2.      Gnosticism did not exist as a full-fledged system until the middle of the second century AD.

3.      Gnosticism had two central beliefs. First, there was a belief in dualism. Ultimate reality was comprised of good and evil. We see dualism today in Buddhism and in eastern religions. There was belief in a secret code of knowledge: that somehow if I learned this secret knowledge I will be able to overcome life in the physical plain.

4.      Gnostics believed that matter was evil and the spirit is good. Therefore they had a problem explaining how a good God could create an evil world.

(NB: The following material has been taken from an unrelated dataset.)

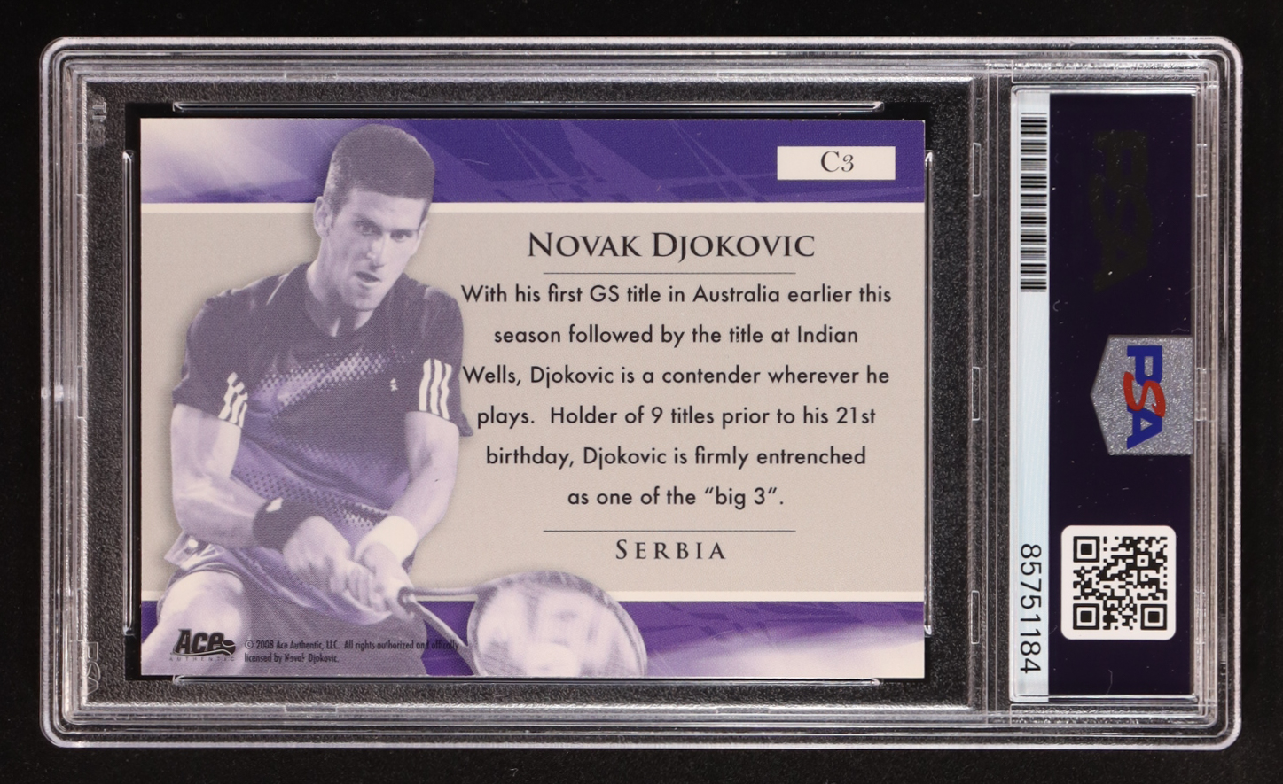 Novak Djokovic Signed 2008 Ace Contender #C3 (PSA)

5.      In Gnosticism there is no necessity for an atonement. It is just a judicial penalty that the human Jesus had to put up with but the spirit of Christ disappeared or left the body before the cross because there is no way that the physical death could be related to the problem of evil.

6.      In Gnosticism true knowledge comes through intuition. They just had these intuitive insights into the nature of reality, therefore they knew what truth was. They had this experience with gnosis, whereas in Christianity knowledge comes through the revelation of God that he has spoken into history through mankind, that He has directed men through the Holy Spirit in the process of inspiration so that His will and His Word would be accurately recorded without error in the original documents.

7.      Gnosis means knowledge and simply relates to an academic and abstract knowledge which in itself becomes an object of worship. That is why we must always guard against making knowledge of Scripture the end-all of the Christian life. It is not; it is the filling of the Holy Spirit plus the knowledge of doctrine plus the application of doctrine that produces spiritual growth.

8.      Gnosticism also has many parallels in modern society. What we see in the ethical system among the Gnostics is that they looked at the life of Jesus as something of a myth, so that in the early church they mythologised the life of Jesus. In some places like Corinth and Colosse they worshiped intermediate spirits, demons and angels. They also tried to demythologise the Scripture just to get the heart of who the real Jesus was and what the secret Gnostic teaching was in the Bible.

9.      That has parallels in 19th century religious liberalism. That means that much of modern Christianity has been rendered vulnerable to the mystical insights of new age methodology which has come across especially in the more charismatic wing of Christianity because they claim to be open to the Spirit. But the failure in Pentecostal theology is to make a distinction between the intuitive insights of a Muslin or a Buddhist and their intuitive insights, and if we look at the Word of God when God reveals Himself to man, even if it is subjective, there is always objective verification; it is testable and verifiable. That is why Jesus performed the kind of miracles that he did. He gave sight to a man who was born blind. There were the healings of people who had leprosy. These had constitutional defects they could not have any psychosomatic root or solution.